During 2023, five bank trustees acted for 86% of over $338 billion in new U.S. ABS. The Applicant acted for 15.9% of all new U.S. ABS in 2023.13 By contrast, it has
been stated that in 1990, the top five bank trustees acted for 35% of the approximately $46 billion of publicly-offered new ABS.14
12 Exclusion from the Definition of Investment Company for Certain Structured Financings, 57 Fed. Reg.
23,980, 23,988 (June 5, 1992).
13 Data is available from Asset-Backed Alert at https://www.greenstreet.com/
after login under Data and Analytics/ Rankings/2023 Trustees – US ABS and MBS. The data include public and private/Rule 144A ABS transactions (including certain mortgage-backed securities transactions) that are placed primarily in the United
States. They exclude collateralized debt obligations and transactions completed through commercial paper conduits, as well as the derivative portions of synthetic issues.
14 See, e.g.,
applications submitted for the Wells Order, the MUFG Order and the U.S. Bank Order, as defined below in footnote 23. According to those applications, the data originally was provided by Asset-Backed Alert, although it is no longer available from
that source. According to those applications, the 1990 data included only public transactions, but since private transactions were an insignificant part of the market in 1990, we believe that the 1990 and 2023 data are comparable.

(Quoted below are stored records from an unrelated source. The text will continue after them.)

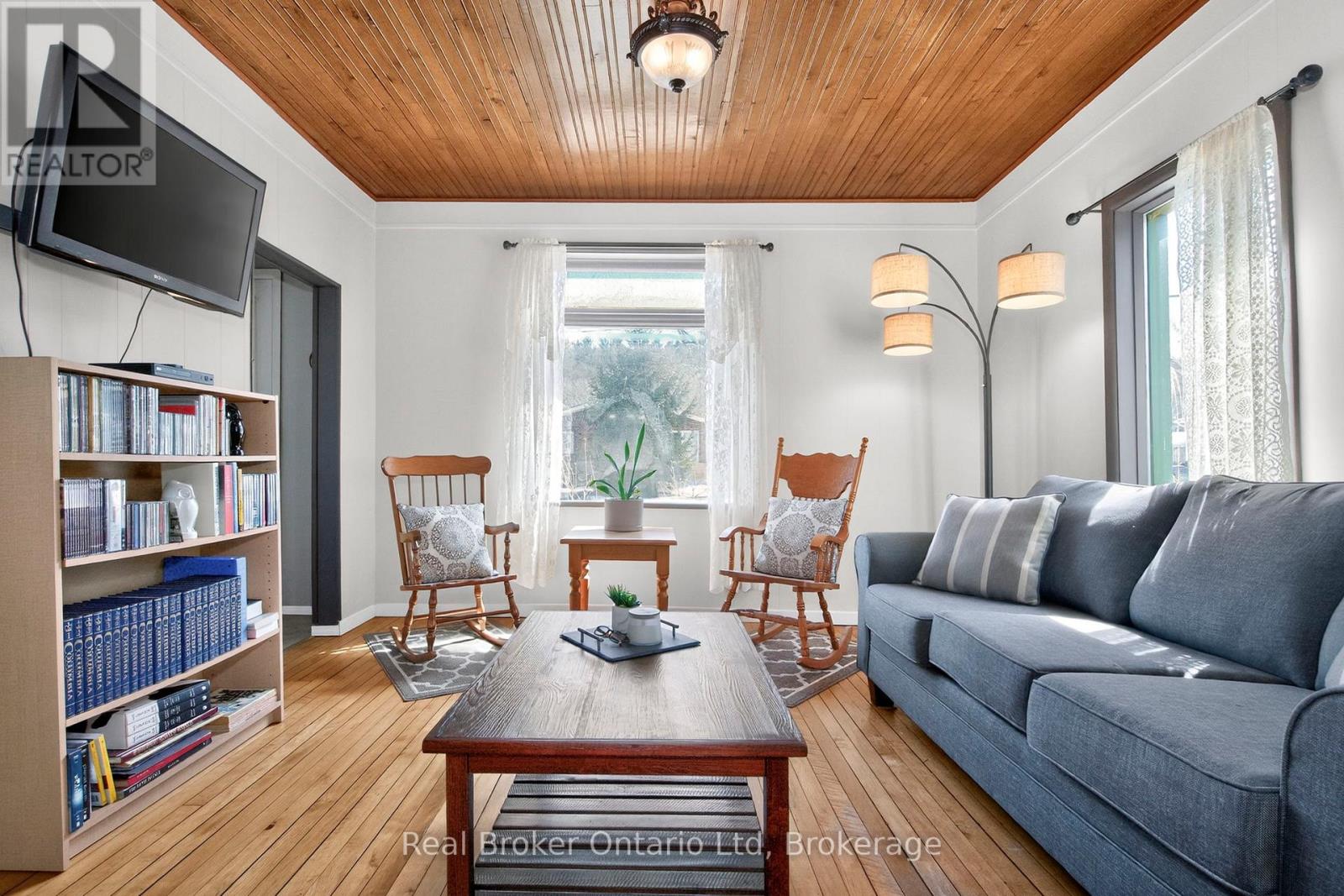 Modern updates blend seamlessly with the home's original charm and character in this beautifully maintained in-town property. You'll appreciate the many preserved features throughout, including original doors and hardware, hardwood floors, and high tongue-and-groove ceilings in the formal dining room, living room, and entryways. The spacious kitchen offers plenty of room for family gatherings and everyday living, while large windows bring in natural light and showcase the mature landscaping surrounding the property. Set on a huge in-town lot backing directly onto the Trans Canada Trail, this home provides privacy, space, and easy access to nature right from your backyard. Enjoy an easy walk to Penetang's waterfront trails, where you'll find a skate park, beach, basketball and volleyball courts, playground, splash pad, and the town dock - perfect for active families. This great family home features 3 bedrooms and 1 bathroom, along with an approximately 10' x 18' garage with an asphalt floor. A separate outbuilding offers additional storage or workshop space, and a loft, adding even more functionality to this charming property. This is your opportunity to own a character-filled home in a desirable in-town location and at an affordable price. (id:64974)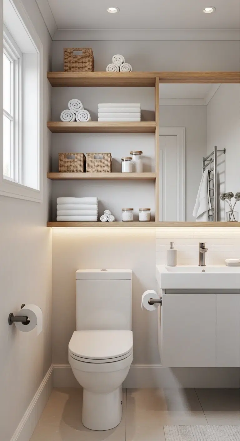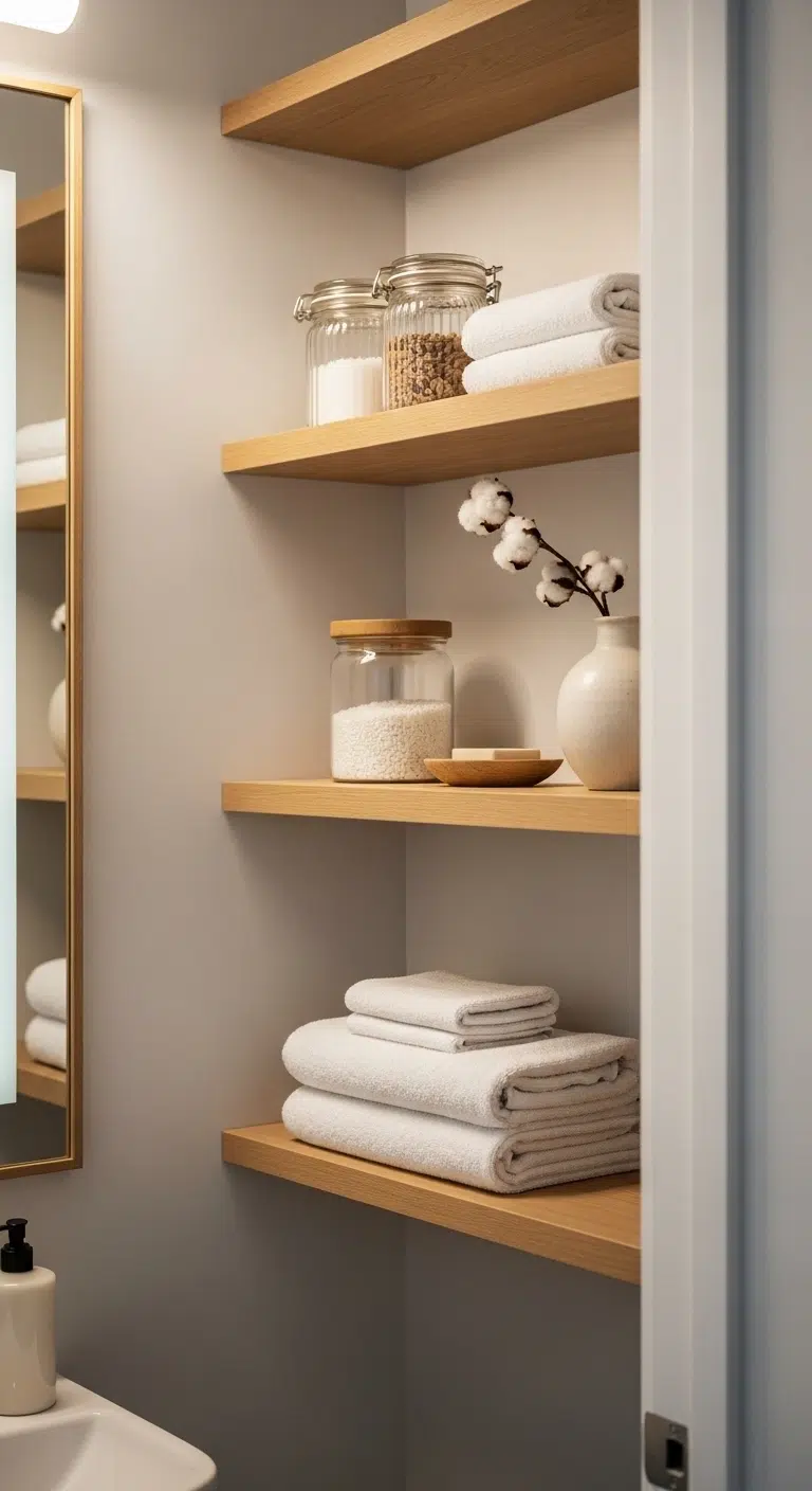 Avoid overcrowding the shelves. Less is more in a small bathroom. Each item should have a purpose or add to the look.This idea blends storage with decor, making your bathroom feel styled without taking extra space.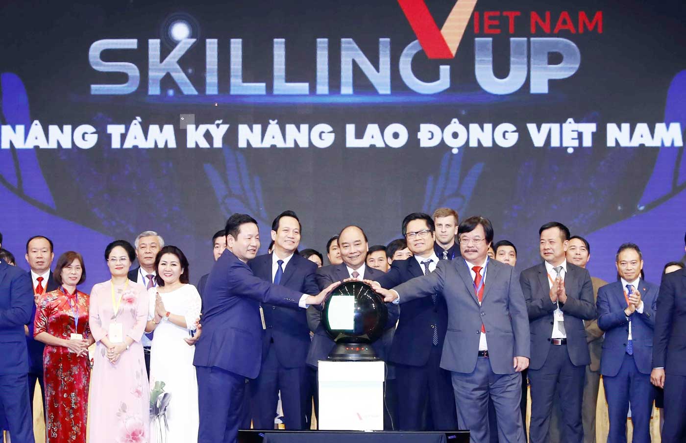 Ủy viên Bộ Chính trị, Thủ tướng Chính phủ Nguyễn Xuân Phúc cùng các đại biểu thực hiện nghi thức “Nhà nước, doanh nghiệp, nhà trường đồng hành đổi mới, nâng cao chất lượng giáo dục nghề nghiệp, nâng tầm kỹ năng lao động Việt Nam”_Ảnh: TTXVN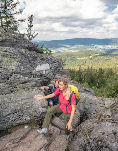 Der Schwarzeck Rundweg ist eine anspruchsvolle Tour, aber am Gipfel angekommen liegt einem der Lamer Winkel im Bayerischen Wald zu Füßen und man genießt eine traumhafte Aussicht.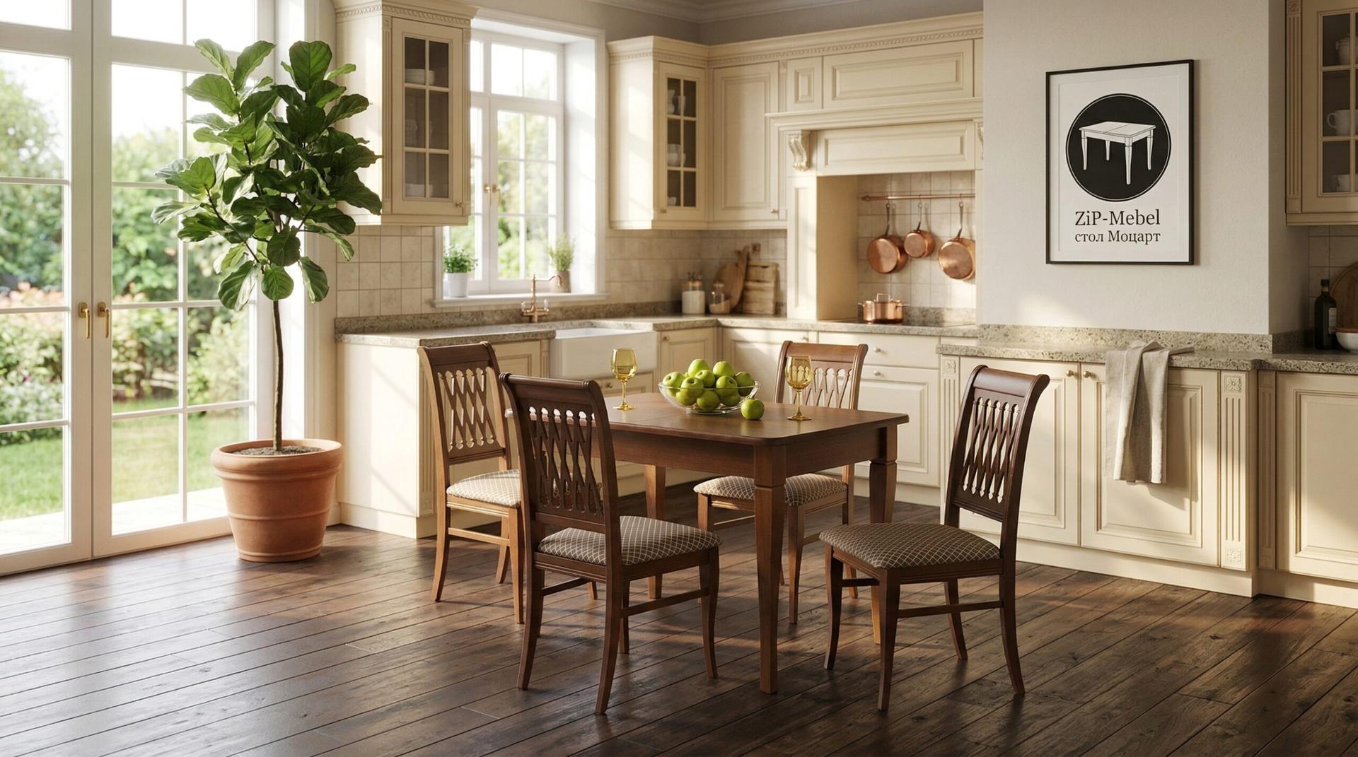 Комплект из деревянного стола Моцарт на каркасе из натурального дерева и 4 стульев Рич отлично подойдет к интерьеру, выдержанному в классическом или софременном стиле. Данный комплект станет центральным элементом в гостиной, столовой зоне, на кухне, позволив создать уютное обеденное место, где смогут собираться члены дружной семьи и их гости.У модели скругленные углы столешницы. Такое решение исключит риск сколов и обеспечит безопасность, в том числе, детям.Комплект выполнен в красивом цвете - орех. Сочетание изысканного дизайна и высокого качества исполнения - главная особенность комплекта.Столешница выполнена из материалов с великолепными эксплуатационными свойствами - МДФ (Материал создается на основе натуральной древесины. Практичен, надежен, имеет однородную гладкую структуру), шпон.Мебель проста в уходе - для поддержания первозданного вида достаточно использовать простую чуть влажную салфетку по мере необходимости.

(b) Economic and other business factors have also contributed to the trend toward fewer banks offering corporate trust services. The income realized from these services has been reduced due to competitive pricing pressures and the
loss that the growth in book-entry securities caused in transactional fees and traditional float income associated with payments to investors. Expenses of providing the services have risen sharply because of increased technological and personnel
costs, particularly in providing analytical services for increasingly complex structured finance arrangements.
(c) The changes described above have been accompanied by the expansion of banks into investment banking. This expansion is due to changes in the securities underwriting business, including the enactment of the Gramm-Leach-Bliley
Act (“GLBA”)15 in 1999 and the progressive removal of legal barriers to affiliations among banks and securities firms, insurance companies, and other financial
service providers. Banks and bank affiliates are now significant participants in securities underwriting, particularly for ABS Transactions. For example, the Applicant has underwriting affiliates. Also, many ABS offerings are broadly syndicated
through multiple underwriters, which increases the likelihood of an affiliation between an ABS underwriter and trustee, including the Applicant.
|
2. |
Timing and Nature of the Roles of the Trustee and the Underwriter
|
Due to the structure of an ABS Transaction and the trustee’s narrowly-defined role, an ABS trustee does not monitor the distribution of
securities or any other activity which underwriters perform. Because of its narrowly-defined role, a trustee’s opportunity, by reason of an affiliation with an underwriter or otherwise, to take actions that might benefit itself or the underwriter
to the detriment of investors is not apparent. The trustee’s role is narrowly defined, and the trustee is neither expected nor required to exercise discretion or judgment except after an event of default in the ABS transaction, which is rare and,
in any event, would take place, if at all, after the underwriter has terminated its role in the transaction. Any such post-default discretion or judgment is very limited as described more fully below. Exemptive relief is therefore appropriate and
consistent with the protection of investors because an ABS trustee’s affiliation with an underwriter for the Issuer would not result in a conflict or in the possibility of overreaching that could harm investors.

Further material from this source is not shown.